This article will explain the essence, principle, and applications of diffusion models, helping you to understand diffusion models in one go.
Diffusion Models
The essence of diffusion models
Definition of diffusion models:Diffusion Models are a new, advanced generative model used to generate data similar to the training data, capable of generating various high-resolution images.
The core idea of diffusion models:Diffusion Models are a generative model inspired by non-equilibrium thermodynamics. The core idea is to gradually add noise to data by simulating the diffusion process and subsequently learn to reverse this process to construct the desired data samples from the noise.
The essence of diffusion models:Utilizing Markov chains to define diffusion steps, gradually “destroying” the data into pure noise through state transitions at each step. Then, by training a neural network to approximate the true reverse diffusion process, diffusion models can gradually restore the original data from pure noise.
The principle of diffusion models
Two, the principle of diffusion models
The working principle of diffusion models:Diffusion Models damage the training data by continuously adding Gaussian noise and then restore the data by learning the reverse denoising process. After training, we can input randomly sampled noise into the model, generating data through the learned denoising process.

The working principle of diffusion models
Diffusion models are latent variable models that use Markov chains to map to latent space. This mapping allows the model to capture the inherent structure and patterns of the data in latent space.

The latent space of diffusion models
Markov Chain:A memoryless random process that has the Markov property, meaning the future depends only on the present and not on the past.

Markov chain
Learn more about Markov chains:Mathematical Foundations of Artificial Intelligence – Markov Chain
The components of diffusion models:Diffusion models primarily consist of forward diffusion and reverse diffusion.
Forward diffusion and reverse diffusion
Forward diffusion:the process of gradually adding noise to the original data until it becomes pure noise.
Although this process itself cannot directly generate images, it is crucial for understanding the working principle of diffusion models and constructing the target for training samples (ground truth, GT).
Forward diffusion
Reverse diffusion:the reverse operation of forward diffusion, starting from pure noise and gradually removing noise to restore the original data.
This process relies on the model learning how to recover the original data patterns from noise. The model learns the reverse diffusion process through a neural network, enabling it to generate samples similar to the original data.

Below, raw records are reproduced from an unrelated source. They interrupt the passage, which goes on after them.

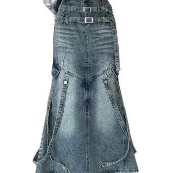Chic Y2K Gothic Mermaid Denim Skirt with Belt – Casual Empire Waist Maxi
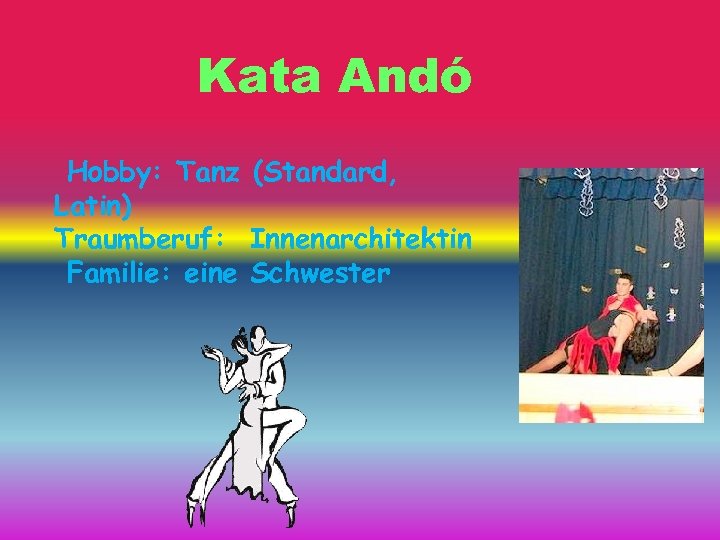 Kata Andó Hobby: Tanz (Standard, Latin) Traumberuf: Innenarchitektin Familie: eine Schwester
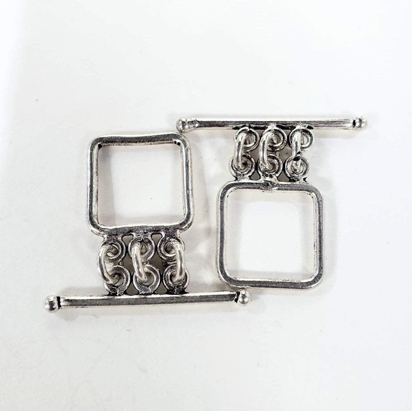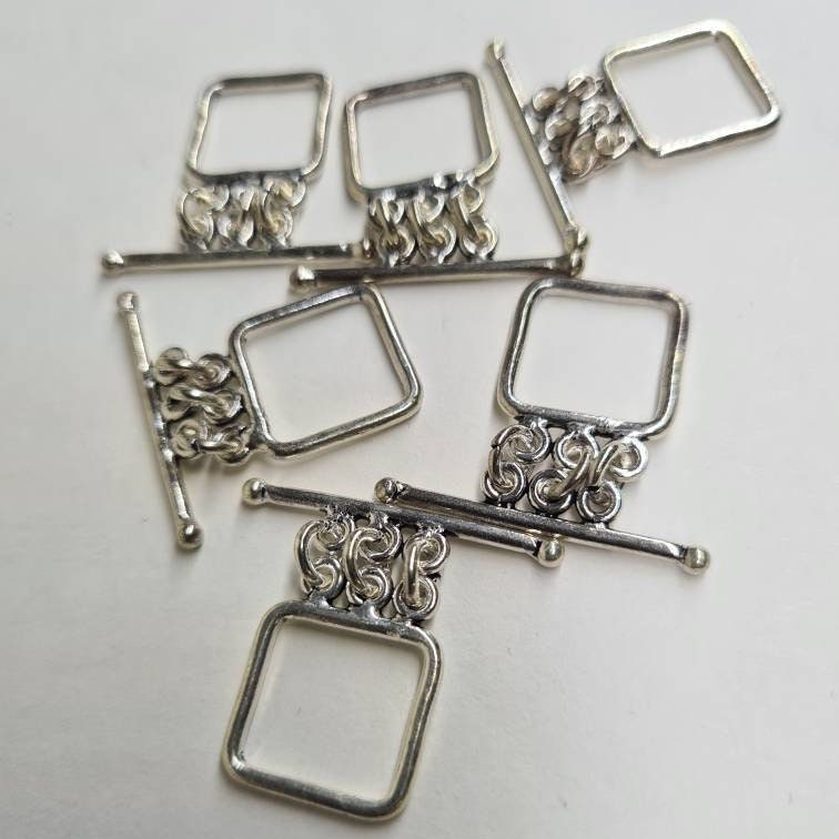 925 Sterling silver 3 loop square 15 mm bali silver toggle clasp, necklace bracelet jewelry making findings.

Three, applications of diffusion models
Stable Diffusion Model:Stable Diffusion is the most advanced pattern among diffusion models.It employs a more stable, controllable, and efficient method to generate high-quality images.
Stable Diffusion was launched in August 2022 by researchers from CompVis, Stability AI, and LAION, with core technology derived from AI video editing technology startup Runway’s chief research scientist Patrick Esser and Robin Rombach from the University of Munich’s machine vision learning group.
DALL-E 2: developed by OpenAI, known for its highly detailed and creative images based on text descriptions.
It uses advanced diffusion technology to generate both imaginative and realistic images, making it a popular tool in creative and artistic applications.